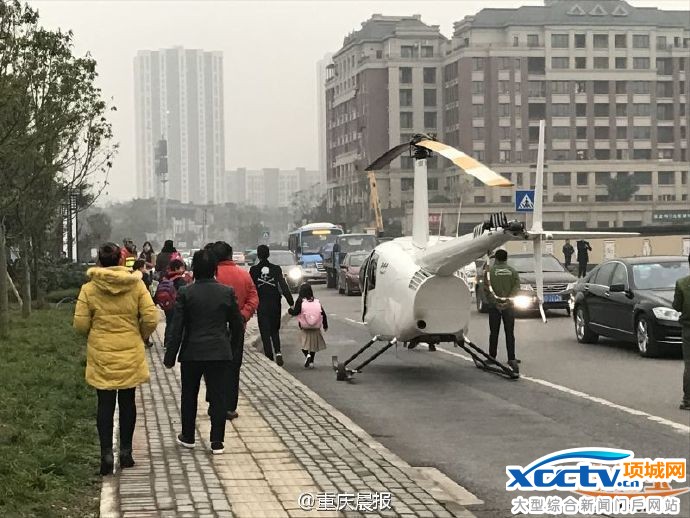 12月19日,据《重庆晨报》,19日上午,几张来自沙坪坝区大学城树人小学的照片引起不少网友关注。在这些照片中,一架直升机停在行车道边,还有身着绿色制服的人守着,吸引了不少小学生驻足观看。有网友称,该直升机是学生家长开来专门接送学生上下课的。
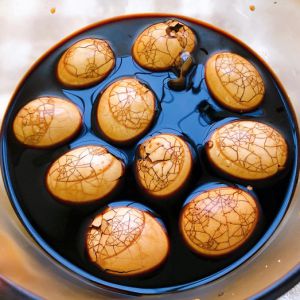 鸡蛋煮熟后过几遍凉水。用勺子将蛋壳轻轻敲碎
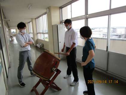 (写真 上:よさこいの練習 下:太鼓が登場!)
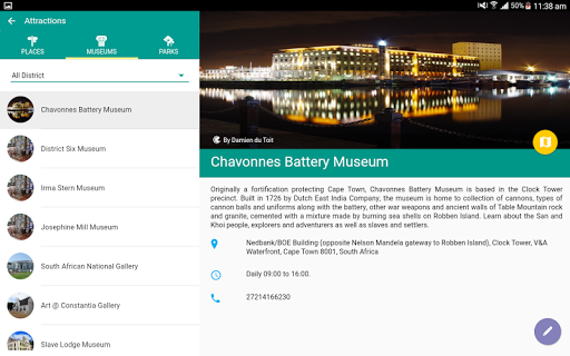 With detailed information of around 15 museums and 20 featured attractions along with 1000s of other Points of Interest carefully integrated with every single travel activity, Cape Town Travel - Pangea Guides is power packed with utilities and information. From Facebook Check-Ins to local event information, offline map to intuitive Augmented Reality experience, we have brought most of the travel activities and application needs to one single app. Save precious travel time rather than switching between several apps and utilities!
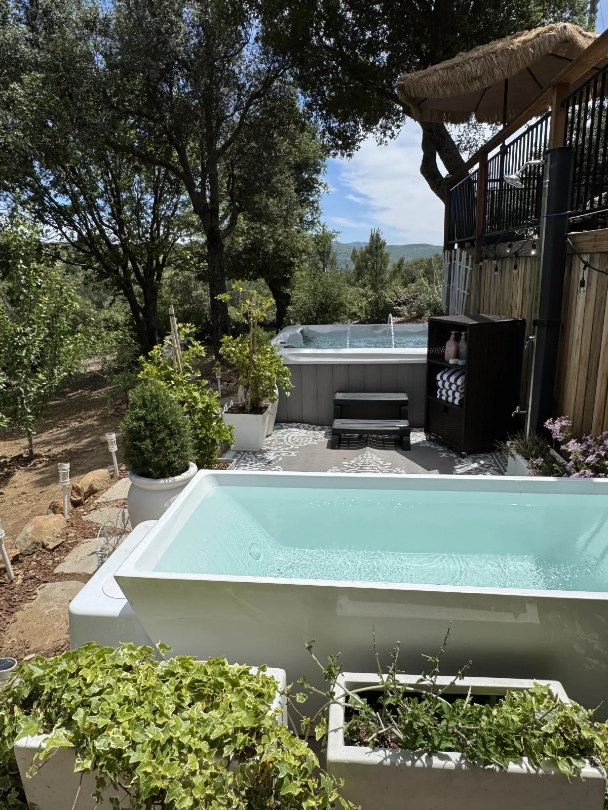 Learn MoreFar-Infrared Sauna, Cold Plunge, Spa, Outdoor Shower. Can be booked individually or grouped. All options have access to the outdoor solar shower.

--- --- ---

### Instructions to follow
Could the material above be given again in full and exactly, with its pictures left out?

### Solution below
 12月19日,据《重庆晨报》,19日上午,几张来自沙坪坝区大学城树人小学的照片引起不少网友关注。在这些照片中,一架直升机停在行车道边,还有身着绿色制服的人守着,吸引了不少小学生驻足观看。有网友称,该直升机是学生家长开来专门接送学生上下课的。
 鸡蛋煮熟后过几遍凉水。用勺子将蛋壳轻轻敲碎
 (写真 上:よさこいの練習 下:太鼓が登場!)
 With detailed information of around 15 museums and 20 featured attractions along with 1000s of other Points of Interest carefully integrated with every single travel activity, Cape Town Travel - Pangea Guides is power packed with utilities and information. From Facebook Check-Ins to local event information, offline map to intuitive Augmented Reality experience, we have brought most of the travel activities and application needs to one single app. Save precious travel time rather than switching between several apps and utilities!
 Learn MoreFar-Infrared Sauna, Cold Plunge, Spa, Outdoor Shower. Can be booked individually or grouped. All options have access to the outdoor solar shower.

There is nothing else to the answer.